THE INPUT START

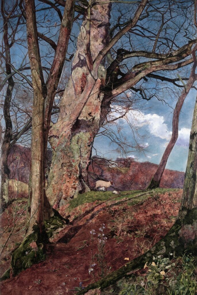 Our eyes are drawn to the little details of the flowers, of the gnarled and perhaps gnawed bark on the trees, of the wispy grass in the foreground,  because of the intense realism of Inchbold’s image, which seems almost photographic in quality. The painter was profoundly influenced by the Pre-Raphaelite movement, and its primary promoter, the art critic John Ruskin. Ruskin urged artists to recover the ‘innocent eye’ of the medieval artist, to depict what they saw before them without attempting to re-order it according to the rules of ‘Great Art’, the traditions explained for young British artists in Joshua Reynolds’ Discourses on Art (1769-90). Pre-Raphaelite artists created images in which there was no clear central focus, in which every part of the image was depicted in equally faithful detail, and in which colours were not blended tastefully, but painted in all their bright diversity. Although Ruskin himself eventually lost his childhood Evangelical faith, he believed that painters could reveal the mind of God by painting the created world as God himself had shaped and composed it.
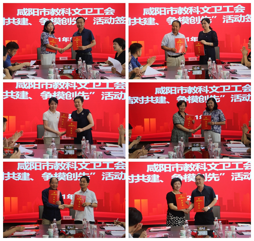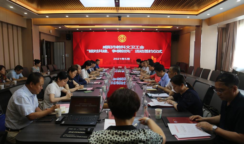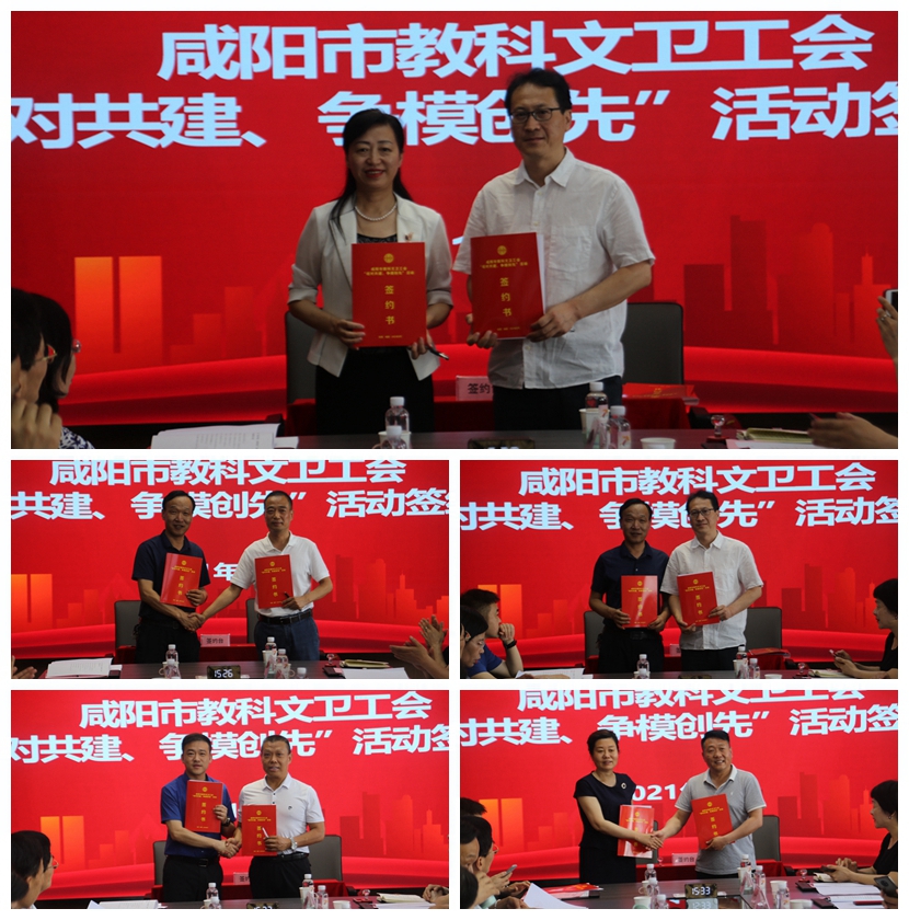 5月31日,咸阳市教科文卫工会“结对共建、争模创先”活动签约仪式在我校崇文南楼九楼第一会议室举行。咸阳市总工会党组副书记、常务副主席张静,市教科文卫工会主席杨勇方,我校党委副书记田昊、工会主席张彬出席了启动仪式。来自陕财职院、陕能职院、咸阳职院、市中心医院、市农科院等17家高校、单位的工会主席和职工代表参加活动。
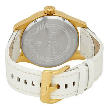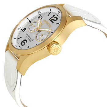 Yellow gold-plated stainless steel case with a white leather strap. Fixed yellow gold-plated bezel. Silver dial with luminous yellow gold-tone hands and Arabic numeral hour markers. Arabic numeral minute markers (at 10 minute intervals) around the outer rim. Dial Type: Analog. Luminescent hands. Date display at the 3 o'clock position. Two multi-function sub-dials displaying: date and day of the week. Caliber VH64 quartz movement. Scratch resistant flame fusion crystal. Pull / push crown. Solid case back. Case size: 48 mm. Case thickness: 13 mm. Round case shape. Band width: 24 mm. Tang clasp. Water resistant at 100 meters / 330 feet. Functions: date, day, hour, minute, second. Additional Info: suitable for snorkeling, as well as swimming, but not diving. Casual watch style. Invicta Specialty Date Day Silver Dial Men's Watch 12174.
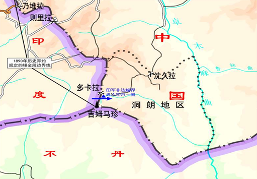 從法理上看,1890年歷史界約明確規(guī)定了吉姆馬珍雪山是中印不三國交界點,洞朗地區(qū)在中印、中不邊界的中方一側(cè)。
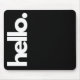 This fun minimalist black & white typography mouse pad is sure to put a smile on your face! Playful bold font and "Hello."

THE INPUT END

**PROBLEM DESCRIPTION:**
Every line from the one containing "從法理上看,1890年歷史界" to the end of the material above is to be returned exactly, with the pictures left out.

**PROBLEM SOLUTION:**
 從法理上看,1890年歷史界約明確規(guī)定了吉姆馬珍雪山是中印不三國交界點,洞朗地區(qū)在中印、中不邊界的中方一側(cè)。
 This fun minimalist black & white typography mouse pad is sure to put a smile on your face! Playful bold font and "Hello."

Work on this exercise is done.